** How to complete this task **
Everything in the listing below must be reproduced exactly, apart from its images.

** Collected data **
* * *

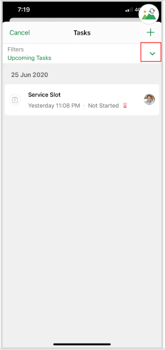 - タスクの一覧ページで右上に表示されているフィルターアイコンをタップします。
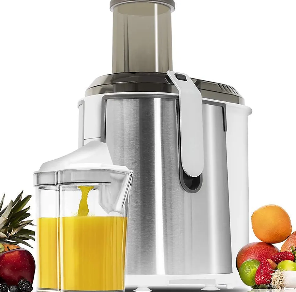 Cette centrifugeuse puissante de 1300 W permet d’extraire facilement le jus de fruits et légumes entiers grâce à son canal d’entrée XXL de 75 mm. Le disque en acier avec revêtement titane assure une durabilité maximale et maintient les lames affûtées plus longtemps. Avec sa vitesse de 17 000 tr/min, elle optimise l’extraction des vitamines et du jus, tout en réduisant le gaspillage. Le réservoir à pulpe intégré de 2 L et le bol de 950 ml facilitent la préparation et le service. Son design compact, le bec anti-gouttes et l’espace de rangement pour câble garantissent une utilisation pratique et sûre au quotidien.
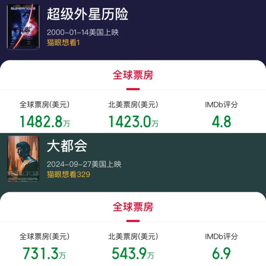 事實上,《大都會》是科波拉久違在北美大規模上映的導演作品,上一部還要追溯到2000年聯合執導的《超級外星曆險》,該片曾在2280家影院斬獲673萬美元,最終本土續航至1422萬美元。
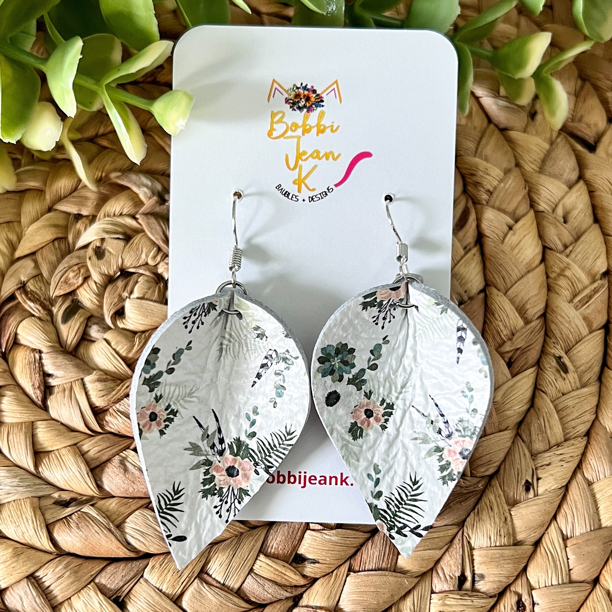 Neutral Floral Pinched Teardrop Leather Earrings: Choose From 2 Sizes

* * *

** Answer to this problem **
 - タスクの一覧ページで右上に表示されているフィルターアイコンをタップします。
 Cette centrifugeuse puissante de 1300 W permet d’extraire facilement le jus de fruits et légumes entiers grâce à son canal d’entrée XXL de 75 mm. Le disque en acier avec revêtement titane assure une durabilité maximale et maintient les lames affûtées plus longtemps. Avec sa vitesse de 17 000 tr/min, elle optimise l’extraction des vitamines et du jus, tout en réduisant le gaspillage. Le réservoir à pulpe intégré de 2 L et le bol de 950 ml facilitent la préparation et le service. Son design compact, le bec anti-gouttes et l’espace de rangement pour câble garantissent une utilisation pratique et sûre au quotidien.
 事實上,《大都會》是科波拉久違在北美大規模上映的導演作品,上一部還要追溯到2000年聯合執導的《超級外星曆險》,該片曾在2280家影院斬獲673萬美元,最終本土續航至1422萬美元。
 Neutral Floral Pinched Teardrop Leather Earrings: Choose From 2 Sizes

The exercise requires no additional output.